Does this method guarantee a win?
There are $100$ pairs with difference $111$: $\{1,112\}$, $\{2,113\}$, $\ldots$, $\{100,211\}$. As you noticed, there are $11$ numbers that are unpaired are $101$, $102$, $\ldots$, $111$. Since the second player can eliminate at most $9\cdot 11$ numbers, the second player does not touch at least one pair of difference $111$. Thus, if the first player does not play stupidly by corrupting these pairs, then the first player can always win.

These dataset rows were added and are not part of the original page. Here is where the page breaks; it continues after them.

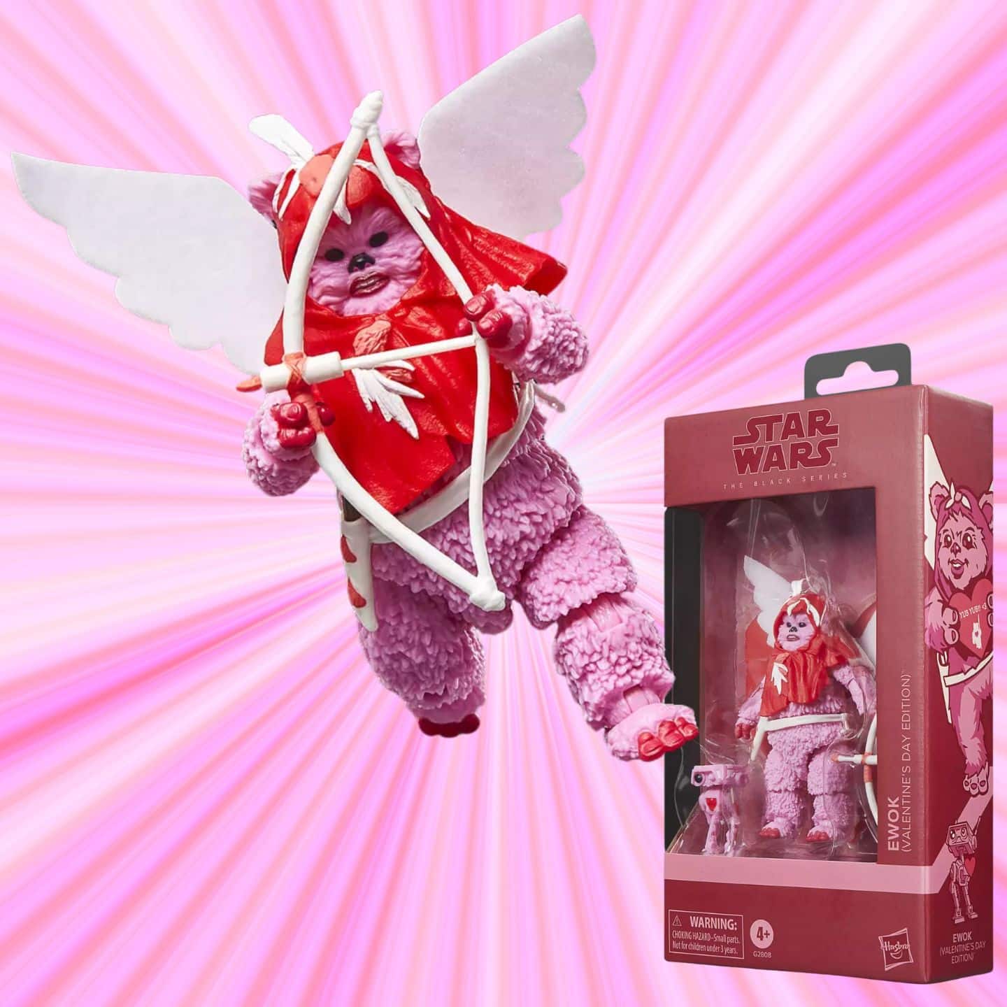Die 15 cm große Figur zeigt einen Ewok mit roten und pinkfarbenen Akzenten, Stoffflügeln und einer herzförmigen Grußkarte. Dazu gibt es Pfeil und Bogen sowie einen kleinen BD-Droiden in passender Farbgebung. Das Design erinnert an klassische Valentinstagsmotive, bleibt aber klar im Stil der Star Wars Black Series.
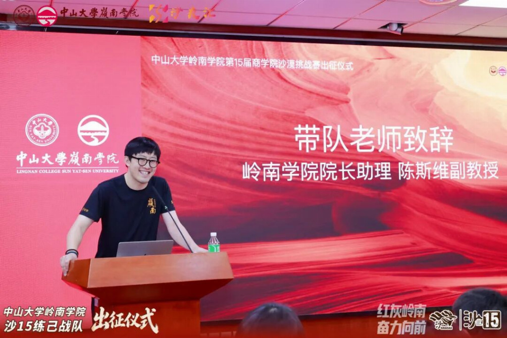 陈斯维副教授结合岭院专硕教育特色与沙赛精神传承,寄语队员们以沙为媒、以赛砺心,在腾格里沙漠的挑战中锤炼意志、凝聚力量。
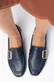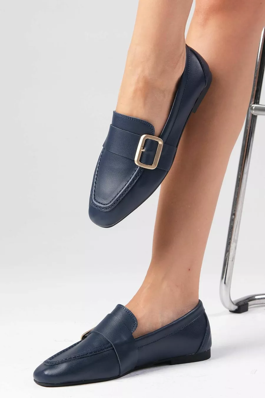 Martina Echtes Leder Marineblau Farbe Blunt Toe Damen Loafer Schuhe
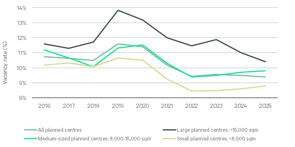 Vacancy trends 2015–2025Q2 by type of planned shopping centre
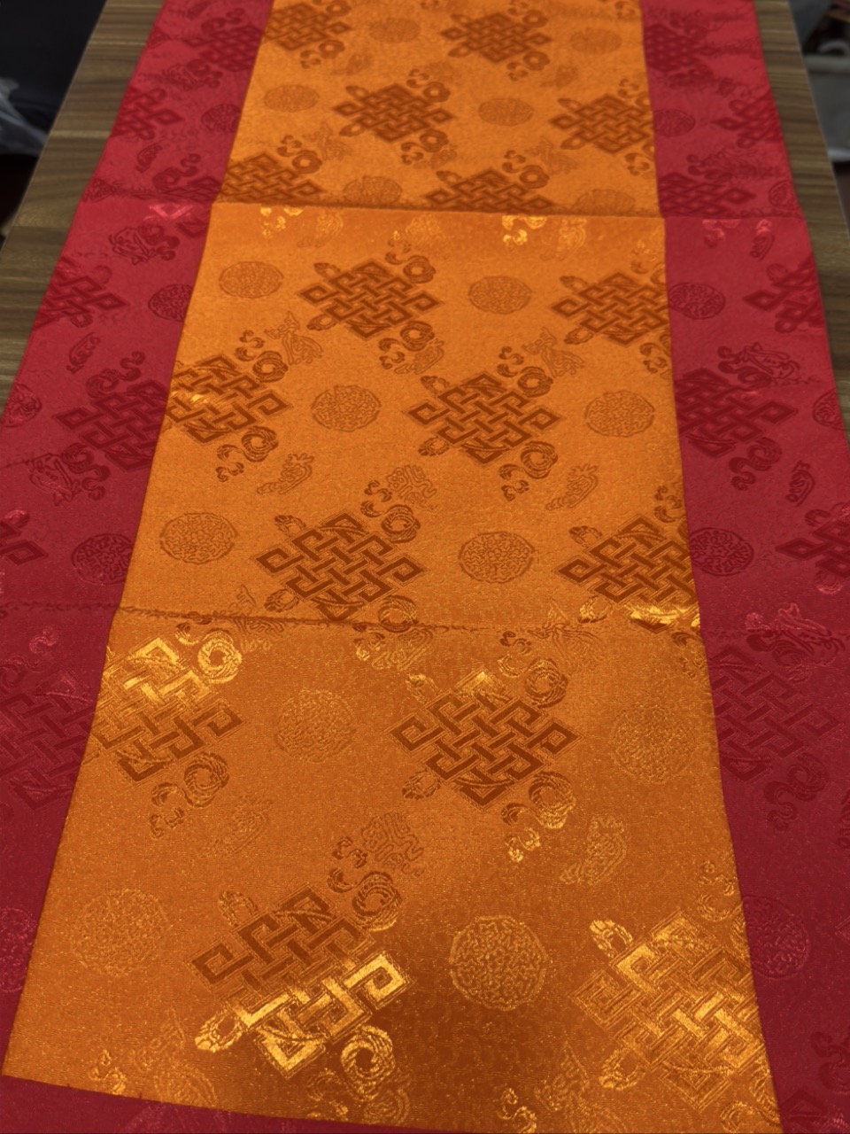 This is high quality Tibetan traditional Table runner made up of silk brocade with endless knot design on it. This is made in Nepal . It can be used to decorate your meditation room or add oriental style in any part of your home.
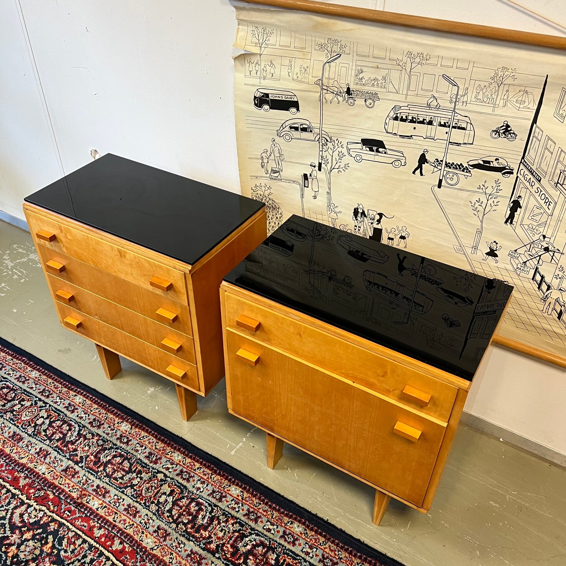 Set van 2 leuke vintage (nacht) kastjes, uitgevoerd in eiken/essenhout (fineer) met zwart glazen plaat.

You have recommended a good strategy. In the first move, the first player proceeds by removing the $11$ unpaired numbers $101$, $102$, $\ldots$, $111$. Every turn after the second player played, if the number $x\in\{x,y\}$ with $|x-y|=111$ was remove but $y$ was not, then the first player responds by removing $y$. Since $11$ is odd, the number of such $x$'s that the second player removed must be odd. Thus, the first player will remove an odd number of such $y$'s. If the first player has not completed the turn (i.e., fewer than $11$ numbers have been played), then there are an even numbers left to remove. Then, the first player remove both numbers form some pairs with difference $111$ until the turn is finished. Therefore, by the end of the $(2k+1)$-st turn, only $11k$ pairs of difference $111$ have been killed (and other pairs are completely untouched).